= Conditioned satiety =

Suppression of appetite

Conditioned satiety is one of the three known food-specific forms of suppression of appetite for food by effects of eating, along with alimentary alliesthesia and sensory-specific satiety. Conditioned satiety was first evidenced in 1955 in rats by the late French physiologist professor Jacques Le Magnen. The term was coined in 1972 by professor David Allenby Booth. Unlike the other two sorts of stimulus-specific satiety, this phenomenon is based on classical conditioning but is distinct from conditioned taste aversion (CTA) in its dependence on internal state towards the end of a meal.

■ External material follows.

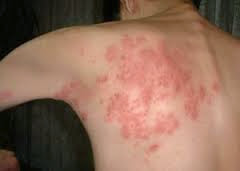 Tanda dan Gejala : Sebelum timbul gejala kulit biasanya muncul demam, pusing, pegal-pegal seperti lu biasa. Kemudian kulit yang dipersarafi oleh saraf tempat tinggal virus-virus varisela-zoster yang bersembunyi menjadi kemrahan. Kemudian akan munvul vesikel-vesikel (gelembung-gelembung) berisi cairan jernih yang kemudian menjadi keruh. Jika terjadi infeksi sekunder maka bisa berdarah ataupun bernanah. Pada tempat itu juga dapat dirasakan seperti baal atau menjadi kaku. Kemudian akan mereda sendiri dalam waktu kurang lebih 2 minggu.

== Description of the phenomenon ==

Conditioned satiety is thought to be acquired when a food with a given flavour is eaten on a partly full stomach and followed promptly by a mildly aversive digestive event ("bloat"). However, it is uncertain if and how this phenomenon may occur under real-life conditions as normally more than food of one given flavor is ingested during a meal. It has been widely misunderstood as an association of the sensory properties of a food with its energy content (calories) or carbohydrate content. However that is a confusion with the conditioning of simple aversion or a contrast with simple conditioned preference. Conditioned satiety has only been evidenced in experiments with rats, monkeys or humans when a flavour and fullness together have been paired with concentrated maltodextrin. When a whole meal of concentrated maltodextrin is eaten without changing its flavour, only the conditioning of preference for the flavour early in the meal is seen. Rats, monkeys and people can learn conditioned satiety within one or two pairings although in the first experiments the rats needed several days to adapt their intakes because the test food was aversively flavoured or textured. The particularity of conditioned satiety is that the time lapse between intake (and thus sensory stimulation) and the aversively conditioning after-effect is much shorter (less than 15 minutes) than that feasible for the conditioning of simple aversion to taste, odour or texture by poisoning, which can occur with a delay in postabsorptive effects of 12 or more hours.